These issues should be assessed by the appropriate therapist and “individualized” management solutions offered (neurologists, GPs, nutritional therapists, physiotherapists, osteopaths, psychologists, speech therapists, ophthalmic specialists, pain specialists (anaesthetists) and others - as indicated).


Aspects of Nutritional Therapy

The neuro-degenerative diseases, including Multiple Sclerosis, appear to be characterised by the following cellular aspects, which are of special interest in Nutritional Therapy.

  • Inflammation on a cellular level
  • Free Radical damage - destabilizing of cell membranes
  • Mitochondrial insufficiency – compromised energy production
  • Nutritional deficiencies
  • Detoxification problems


All of these aspects can be checked by contemporary biochemical tests, which the Nutritional Therapist is obliged to use in order to devise a “personalized”, scientifically-based nutritional support program for the person with MS. “One size does not fit all!”

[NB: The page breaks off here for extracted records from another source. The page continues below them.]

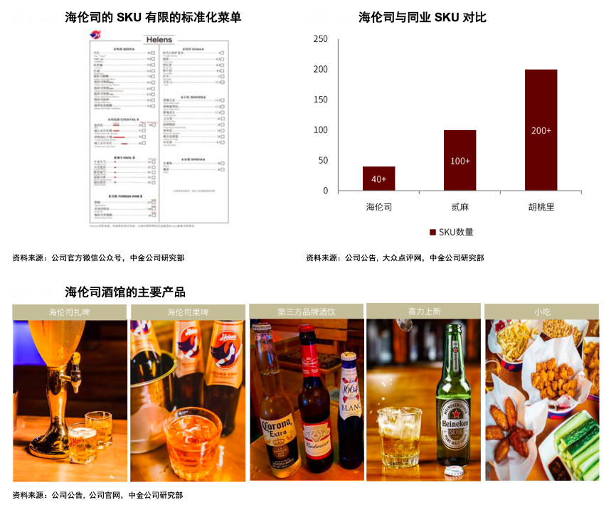 經典案例:根據公司官方微信公眾號、公司公告、公司官網、大眾點評網、中金公司研究部等綜合資訊表明,海倫司公司優化菜單,將 SKU 限制在大約 41 種,包括 24 種酒精飲品、8 種小吃、6 種軟飲料、以及 3 種其他產品(作為對比,貳麻酒館有 100 多個 SKU,胡桃里音樂酒館有 200 多個 SKU)。其在中國區域內的海倫司小酒館提供統一的產品組合。同時,所有啤酒產品都是產成品,小吃一般為訂制產品并易于加工。優化且統一的產品組合簡化了采購、物流、食物處理的全流程,且提高了存貨周轉率。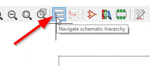 You can navigate the schematic hierarchy using the Navigate Schematic Hierarchy button as shown: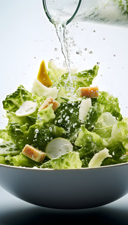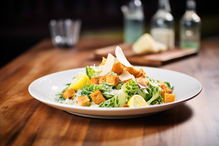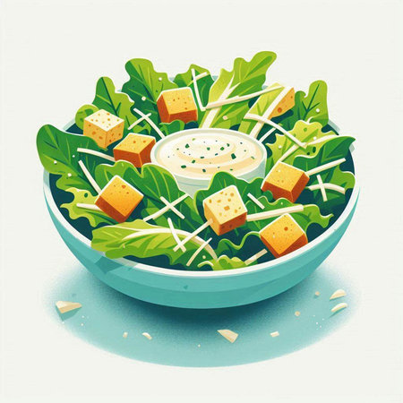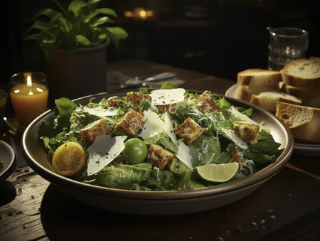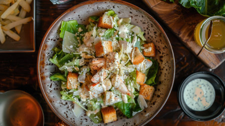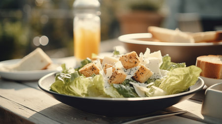 tasty chicken caesar salad with croutons, parmesan cheese and caesar dressing, created with generative ai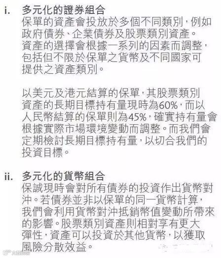 投资回报:包括本产品相关资产所赚取的利息及市场价格变动。投资回报会因应产品的资产分配、利息回报(利息收入及息率前景)以及各类市场风险包括信贷息差及违约风险、股票价格、物业价格及保单货币与相关资产货币币值差额之波动而变化。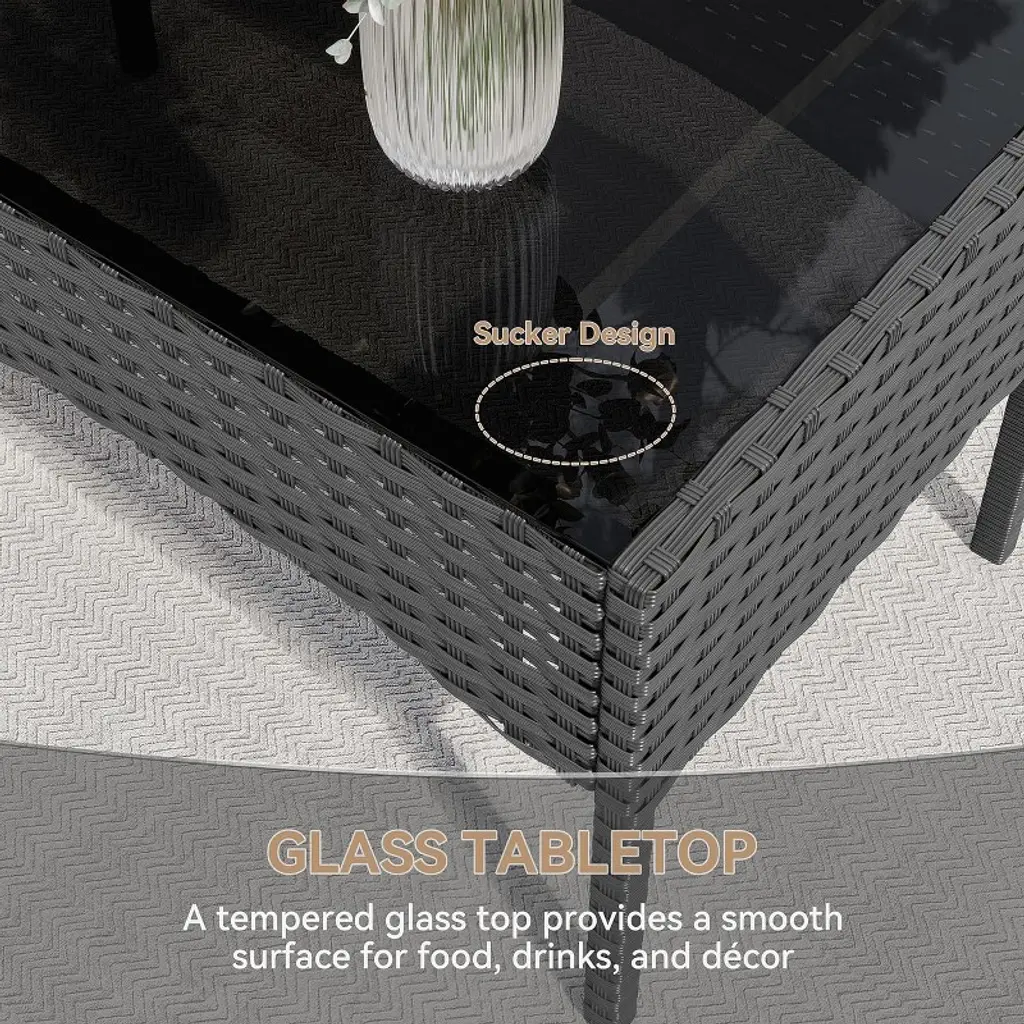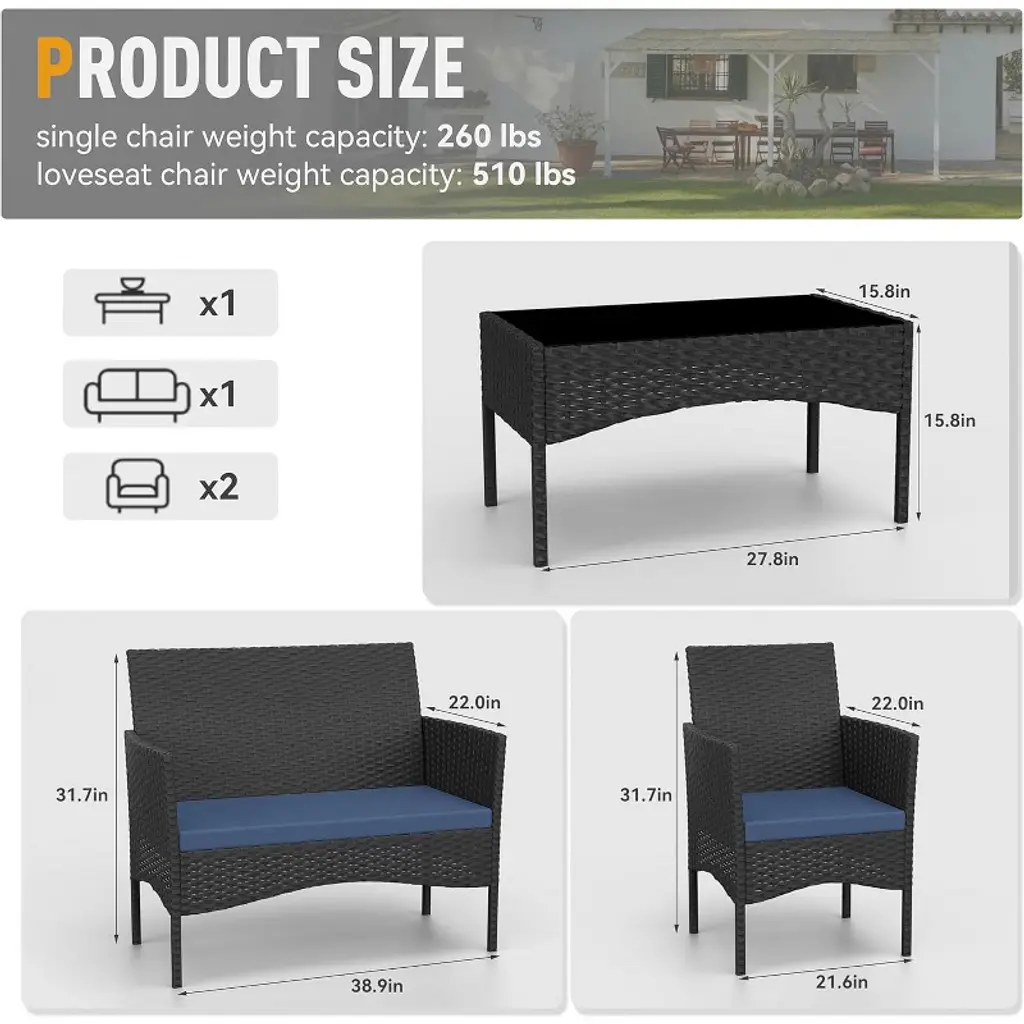This high-quality outdoor wicker sofa set is available in two colors: khaki and navy blue. The set includes one two-seater sofa, two single-seater sofas, and one long coffee table. The sofa stands 31.7 inches tall. Each single-seater sofa measures 22.1 inches long and 21.3 inches wide. The two-seater sofa measures 39 inches in length and 22.1 inches in width. The long coffee table stands 15.2 inches tall, with dimensions of 27.6 inches in length and 15.8 inches in width.

If a person were to be “analyzed” in a laboratory, all that would emerge would be a bag of salty soup – for we are “made” from purely nutritional factors! These are proteins, carbohydrates, fats, vitamins, minerals and water! Excesses or deficiencies of these factors in our cells can contribute to lack of wellbeing and disease states. Each nutrient plays a role in the function of cells and organs.
In MS, the condition of the myelin sheath is affected and the levels of the specific nutrients which support it need to be assessed and any deficiencies addressed.
However, nutrients which are important in other metabolic functions within the body also need to be assessed. General health (as well as that of the myelin sheath) needs support so as to optimize functional health.

I routinely assess each patient’s cellular status individually – using state of the art medical laboratories for biochemical tests. The results provide guidelines for recommendations of vitamins, minerals, essential fatty acids, digestive enzymes and diet. I also assess the permeability of the intestinal membrane (digested food molecules enter the bloodstream through this membrane), the absorption potential of each person, food allergy as well as food and environmental sensitivities.

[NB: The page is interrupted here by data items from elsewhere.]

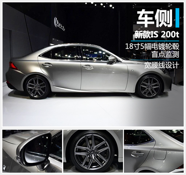 侧身的设计是最能展现汽车线条的角度,新车采用宽腰线设计,使整车看起来力量感十足,配以18寸双五幅电镀轮毂,凸显出了雷克萨斯IS运动型轿车的设计理念。在谈及车身尺寸时,雷克萨斯中国副总经理朱江表示:“新款IS作为豪华运动型车款,我们体现的是这种细节上的改变,外形更加动感有张力,但不会提供长轴距版,我们始终遵从运动型车最初始的操控质感,原汁原味动感的车型。”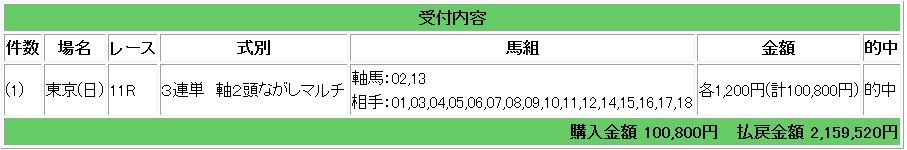 ・11月25日 ジャパンカップ 42万円獲得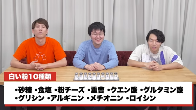 QuizKnockの伊沢拓司、鶴崎修功、須貝駿貴が10種類の粉末が何かを当てるクイズに挑戦。粉末の種類は、砂糖や食塩、粉チーズなど日常的になじみのあるものから、アミノ酸であるアルギニン、メチオニン、ロイシンなど聞き慣れないものまでさまざま。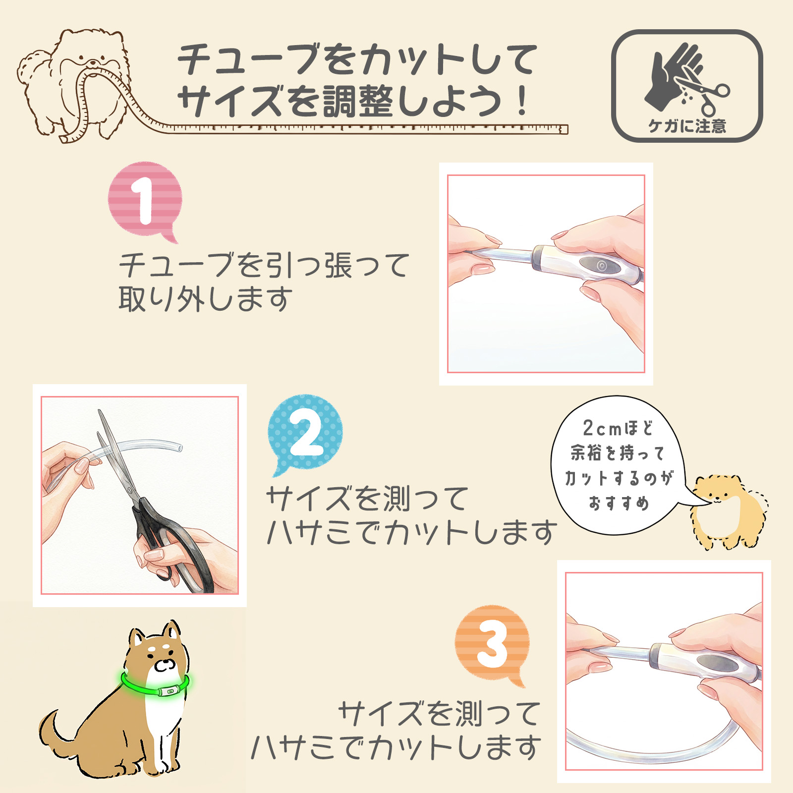 「暗いとちょっと不安…」「誰でも簡単に長さをカットできるようにしてほしい…」「いろんな色に光らせたい…」そんな飼い主さんの声から生まれた、光る首輪です。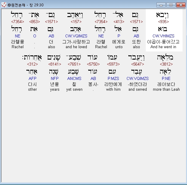 영어NASB,30 So Jacob went in to Rachel also, and indeed he loved Rachel more than Leah, and he served with Laban for another seven years.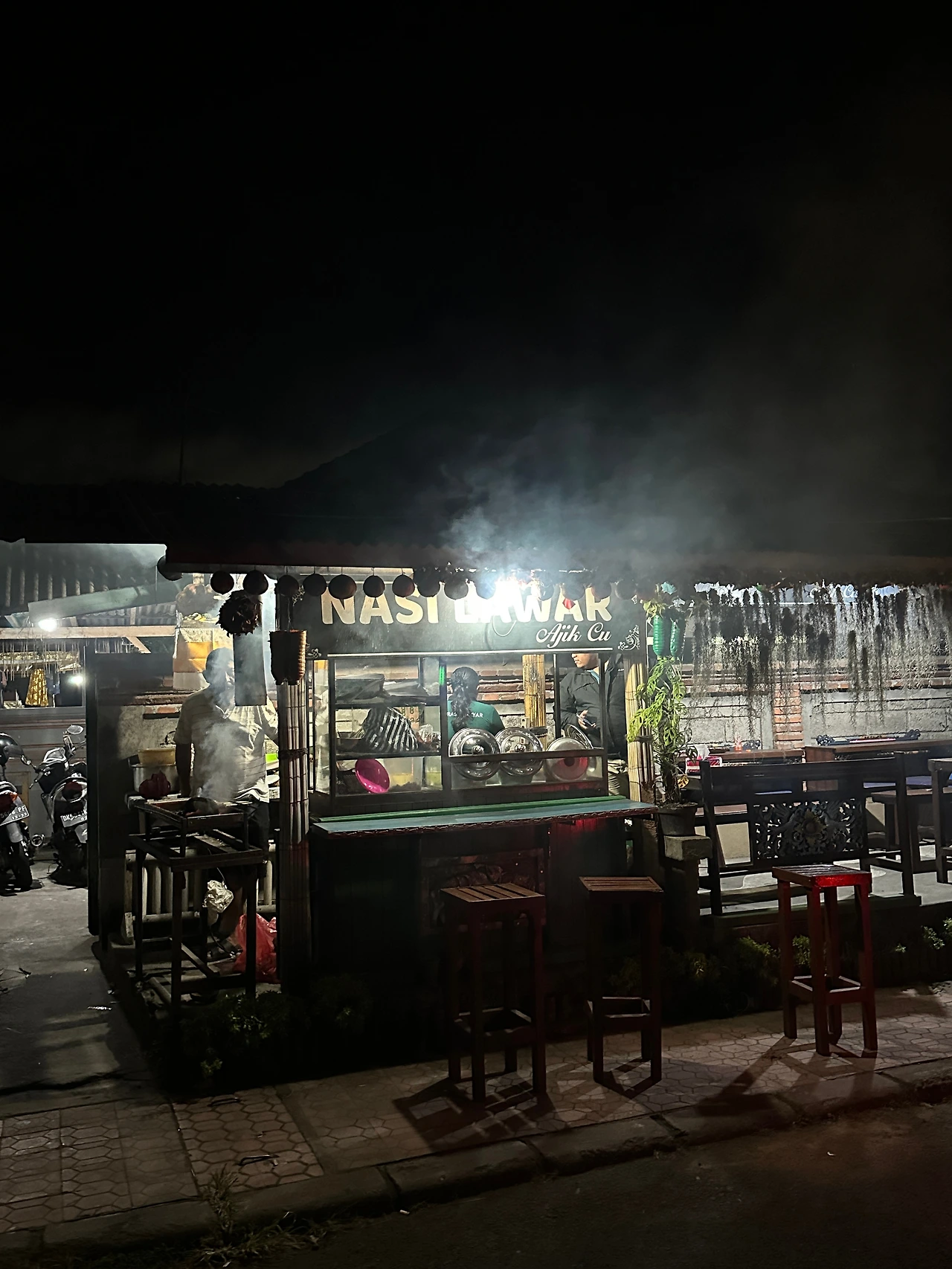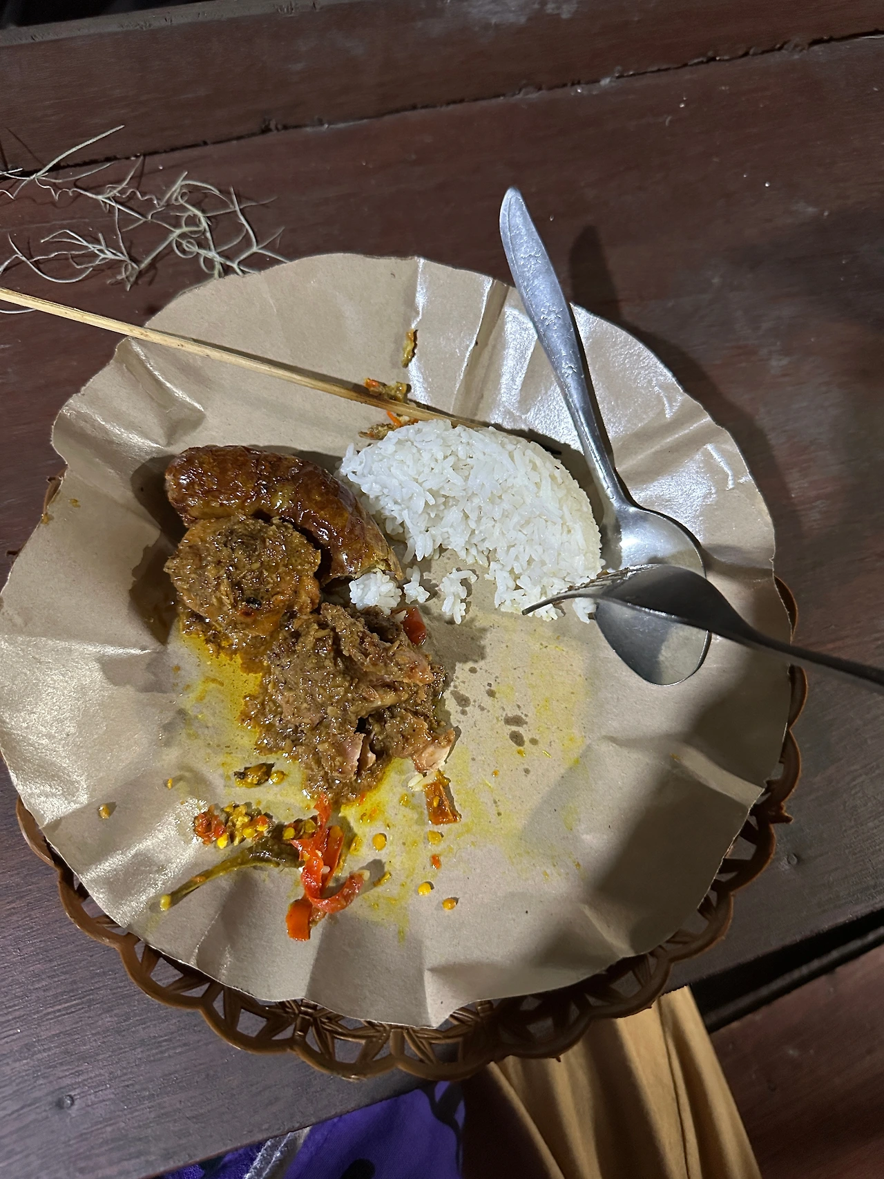 우붓에서의 첫 저녁을 현지식으로 먹은 건 자연스러운 결과였다. 우붓에서 가장 크고 유명한 요가원인 요가반에서 저녁 요가 수업을 듣고 집에 걸어가고 있는데 길 한쪽에 좌판도 아니고 그렇다고 식당도 아닌 곳이 눈에 띄었다. 고급 좌판이라 해야 할까? 현지인들이 몇 명 앉아 저녁을 먹고 있었다. 나도 냅다 들어가 영어가 통하지 않는 주인부부에게 손가락으로 이것저것 가리키며 식사를 주문했다. 소심하게 고기 두 점과 밥을 시키고 먹어보니 의외로 맛있는 거였다. 다 먹고서 다른 고기도 추가로 주문하고도 내가 낸 값은 총 '2000원'이었다. 싸도 너무나 싼 가격에 놀라면서도 한편으로는 내가 2000원에 한 끼를 해결했다니, 믿기지 않고 재미있었다.

I try to prescribe as many sublinguals as possible (special formulae which are easier absorbed into the bloodstream from under the tongue rather than from the gut). When patients are suffering from malabsorption and have low energy, a course of intravenously administered nutritional supplements may be indicated. People often feel more energetic and have a greater sense of well-being when having intravenous nutritional support.

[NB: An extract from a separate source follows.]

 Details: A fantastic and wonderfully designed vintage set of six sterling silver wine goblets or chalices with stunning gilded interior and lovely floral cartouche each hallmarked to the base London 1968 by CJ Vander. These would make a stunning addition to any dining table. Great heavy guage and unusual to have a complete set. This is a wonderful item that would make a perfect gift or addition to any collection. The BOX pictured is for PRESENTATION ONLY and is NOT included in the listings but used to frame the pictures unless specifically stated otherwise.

If swallowing or chewing is a problem, tube feeding is recommended during a difficult period so that weight, energy and wellbeing may be maintained.

Generally, typical nutritional supplements needed (according to biochemical testing) include:
  • specific nutrients necessary for the energy cycle of cells (the Krebs Cycle)
  • minerals, vitamins, antioxidants
  • essential fatty acids and other lipids
  • digestive enzymes
  • probiotics
  • cell membrane stabilizing nutrients


The diet I recommend is focused on:
  • stimulation of cell (and general) energy
  • regulation of blood sugar levels
  • promoting optimum bowel function
  • avoiding foods which are contraindicated in MS as they may act as “molecular mimics” and trigger symptoms. The “Best Bet Diet” does omit these foods (dairy, gluten and lectins).
Avoiding substances which may induce autoimmune response is important.
- Saturated fats should be “regulated” but the Essential Fatty Acids are a must.
Tests indicate the appropriate prescription for fat intake.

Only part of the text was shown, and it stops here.